Try this fun southwestern take on classic deviled eggs. With tastes of pico de gallo and lime, you’ll never go back!
Author:Sarah | Away From the Box
Total Time:15 minutes
2 plum tomatoes, diced
1/2 white onion, diced
1 jalapeno, stemmed, seeded and diced
4 sprigs cilantro, minced
9 hard boiled eggs
2 tsp whole grain garlic mustard or dijon
3 TB mayonnaise
1/4 tsp Tajin seasoning* + more for garnish
In a small bowl, combine the tomatoes, onion, jalapeno and cilantro and set aside.
Slice the eggs in half lengthwise and place the yolks in a bowl. Mash them with a fork and then mix with the mustard, mayonnaise, Tajin and about 4 TB of the pico de gallo mixture.

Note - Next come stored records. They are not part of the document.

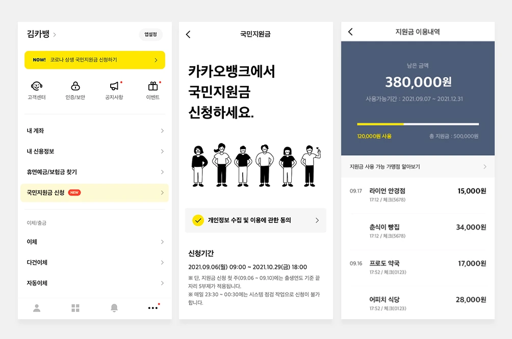 9월 6일, 카카오뱅크 앱에 국민지원금 메뉴가 열릴거예요! 국민지원금 메뉴로 들어가 지원 대상 여부 및 지원 예상 금액을 확인하고, 신청하기 버튼을 누르면 끝!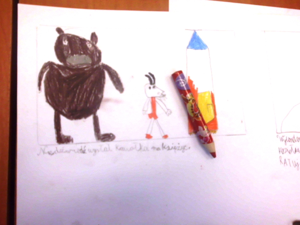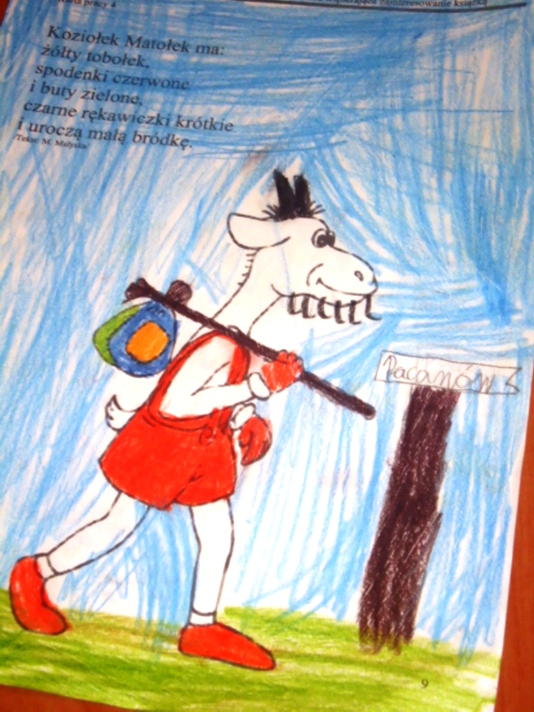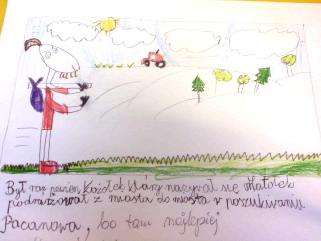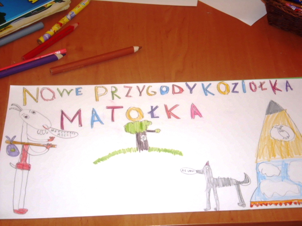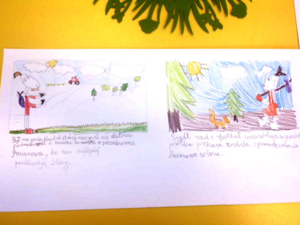 Tak nastrojone dzieci, przystąpiły do wyćwiczenia rąk w sprawnym rysowaniu koziołka i nie tylko… No, i się zaczęła z pozoru łatwa praca. Szybko jednak okazało się, że to nie takie proste. Wymyślić tekst, napisać go i narysować. Trzeba było uruchomić wyobraźnię i koncentrację, a następnie wyczarować bohatera bajki;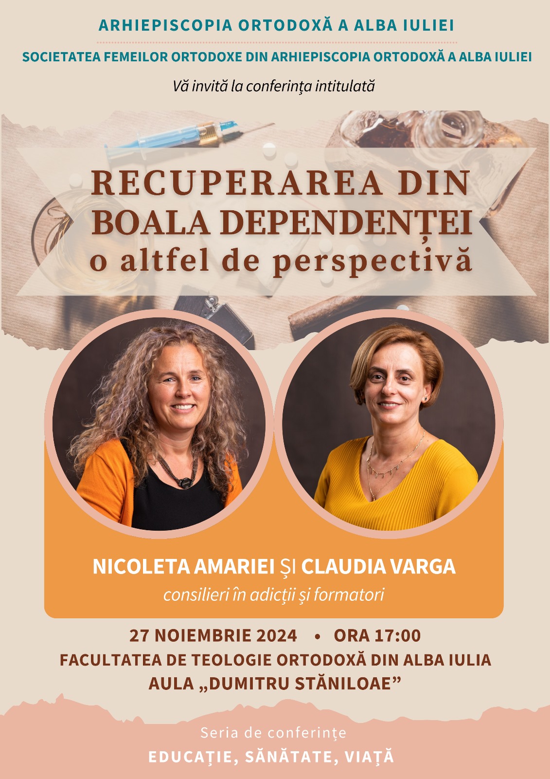 Miercuri, 27 noiembrie 2024, Societatea Femeilor Ortodoxe din Arhiepiscopia Alba Iuliei organizează un nou eveniment cultural, sub genericul „Recuperarea din boala dependenței – o altfel de perspectivă”. Manifestarea se va desfășura în Aula Mare „Dumitru Stăniloae” din incinta Facultății de Teologie Ortodoxă din Alba Iulia, începând cu ora 17.00. Scopul întâlnirii este acela de a veni în sprijinul persoanelor de toate vârstele, care se confruntă cu diferite adicții sau provocări ale vieții.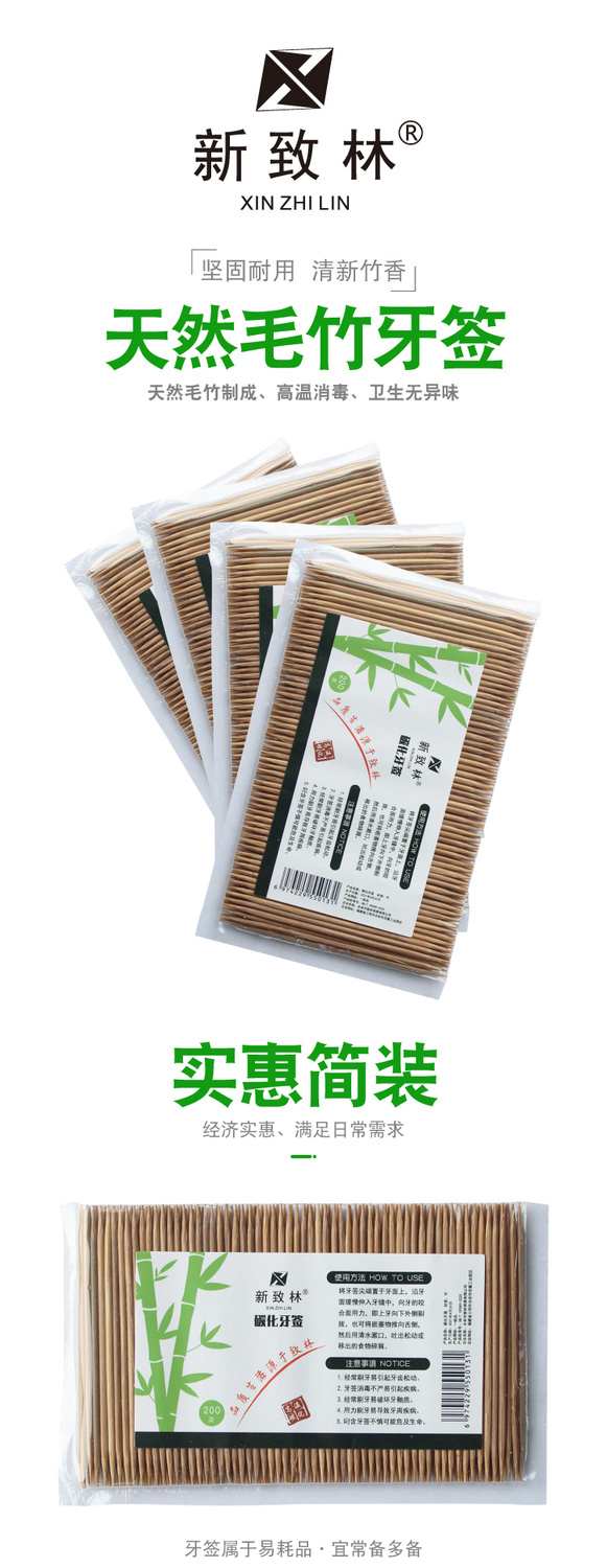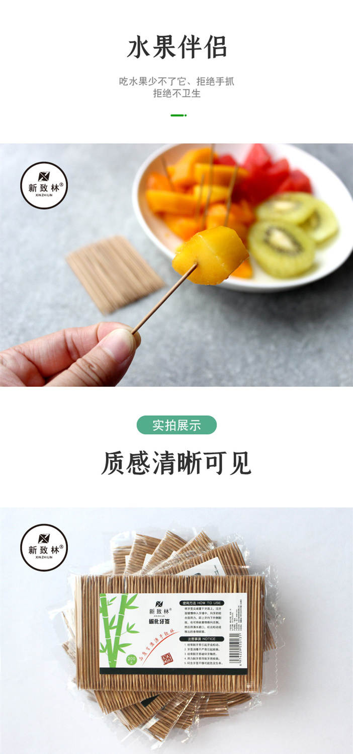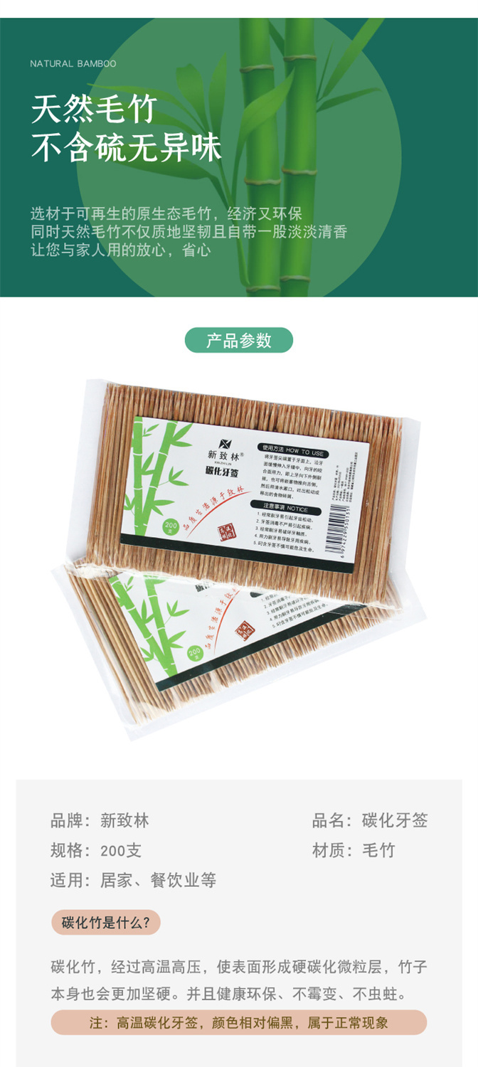 碳化双头尖竹牙签190支坚韧光滑无毛刺高档酒店商用家用支持定制

Arrange your egg whites on a serving dish and pipe** or fill them with the yolk mixture.
Sprinkle them with just a pinch of the Tajin seasoning and garnish with remaining pico de gallo.
*If you can’t find Tajin, cayenne pepper or paprika plus a pinch of salt and a splash of lime juice will give a similar result.
**Cheap piping bags can be found at most craft stores or a fold-over plastic bag will work. Just snip off a corner and pipe.